Paris, le mercredi 6 mars 2019 – Dans les salles d’attente des cabinets de médecine générale se côtoient des patients enrhumés qui sont convaincus qu’un remède contre ce mal si classique leur sera prescrit, des parents qui attendent un certificat quelconque pour justifier l’absence de leur enfant, mais aussi des patients atteints de maladie chronique qui nécessitent un accompagnement approfondi et qui ont parfois eu des difficultés pour obtenir un rendez-vous, des personnes inquiètes de symptômes installés dans le silence depuis un peu trop longtemps. Comment accorder aux seconds le temps nécessaire pour une prise en charge adaptée quand les premiers occuperont inévitablement des minutes précieuses ?
Gastroentérite vs suivi d’une pathologie chronique complexe
De l’autre côté de la salle d’attente, il y a des médecins qui voudraient pouvoir répondre à toutes les interrogations de ce patient sur les résultats de ses dernières analyses médicales, mais qui est pressé par sa secrétaire (quand il en a une) qui lui rappelle qu’il cumule déjà quarante minutes de retard. Aussi, presse-t-il un peu ce malade pour recevoir la gastroentérite sans aucune gravité ou le renouvellement d’ordonnance. Il se demande si en dépit de ses patients vieillissants et toujours plus nombreux, il parviendra à ne pas enregistrer trop de retard sur la télétransmission de ses actes et autres joyeusetés administratives.

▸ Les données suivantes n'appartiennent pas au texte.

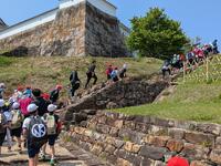 富岡城は、津波等の避難の際の第3避難所になっています。今回の遠足はその確認でもあります。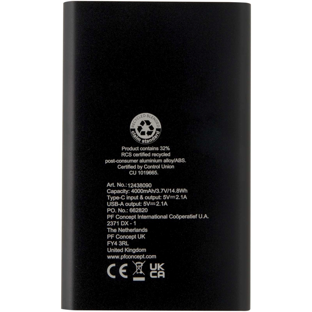Pep 4000 mAh Type-C recycled aluminium power bank, solid black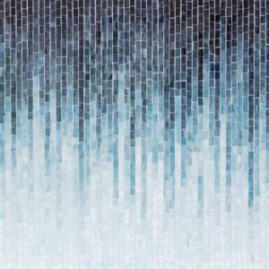 - DESCRIPTION Billie Ombré Blue Glass Mosaic: our ode to legendary jazz musician Billie Holiday, Billie Ombre traces Holiday's trademark melodic vocalizations along a wave of vibrant colored glass, creating an overall ombre effect. Choose from the original ombre in blue or grey gloss or incorporate the solid extender pieces for a variety of thematic variations. Dimensions reflect image shown.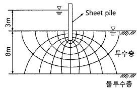 그림과 같은 지반내의 유선망이 주어졌을 때 폭 10m에 대한 침두 유량은? (단, 투수계수(K)는 2.2×10-2㎝/이다.)

A la recherche du temps bêtement perdu
Cette réalité des salles d’attente et des cabinets médicaux, cette situation contrastée entre demandes de soins légitimes et consommation de la médecine comme un service, cette disparité entre souci de bien faire et nécessité de répondre à des impératifs temporaires et administratifs tendent à profondément altérer d’une part la relation médecin/malade et d’autre par l’attrait de l’exercice libéral pour les médecins. Pourtant, des réformes relativement simples à mettre en œuvre pourraient permettre de réduire le nombre d’actes inutiles et de retrouver le temps perdu pour le redonner aux (vrais) patients. Il n’est cependant pas tout à fait certain que les mesures imaginées aujourd’hui par les pouvoirs publics aillent dans ce sens.
Politique à la Gribouille
C’est en tout cas le sentiment des 10 000 médecins, professionnels de santé et patients qui ont signé une pétition lancée par le docteur Jean-Baptiste Blanc appelant à dire non « à l’abattage en médecine générale ». Le point de départ de cette initiative fut le petit calcul de l’Assurance maladie, bien que présenté comme éttant sans arrière-pensée contraignante : l’engagement d’un assistant médical devrait permettre à un médecin de passer de trois à six consultations par heure ! Une telle vision productiviste va totalement à l’encontre de la conception de la plupart des médecins généralistes, comme l’exprime avec la force la pétition. « Nous, médecins généralistes, demandons à pouvoir recevoir, écouter, informer et soigner les patients qui nous accordent leur confiance, avec le temps nécessaire pour chacune et chacun » écrivent-ils. Les explications rassurantes de l’Assurance maladie quant à son absence d’intention d’imposer un objectif chiffré de patients vus à l’heure n’ont nullement conduit au retrait de la pétition et n’ont pas plus amoindri son succès, puisque 10 000 personnes l’ont déjà signée. Le destin de ce texte témoigne bien que cette réaction à la vision stakhanoviste de l’Assurance maladie n’était qu’un prétexte, un point de départ, pour aller au-delà et proposer une défense d’une médecine générale allégée de ses dérives consuméristes et administratives pour pouvoir de nouveau se concentrer sur le soin. Or, en la matière, les assistants médicaux apparaissent une piste bien dérisoire : l’Union française pour une médecine libre (UFML) parle ainsi de « politique à la Gribouille ».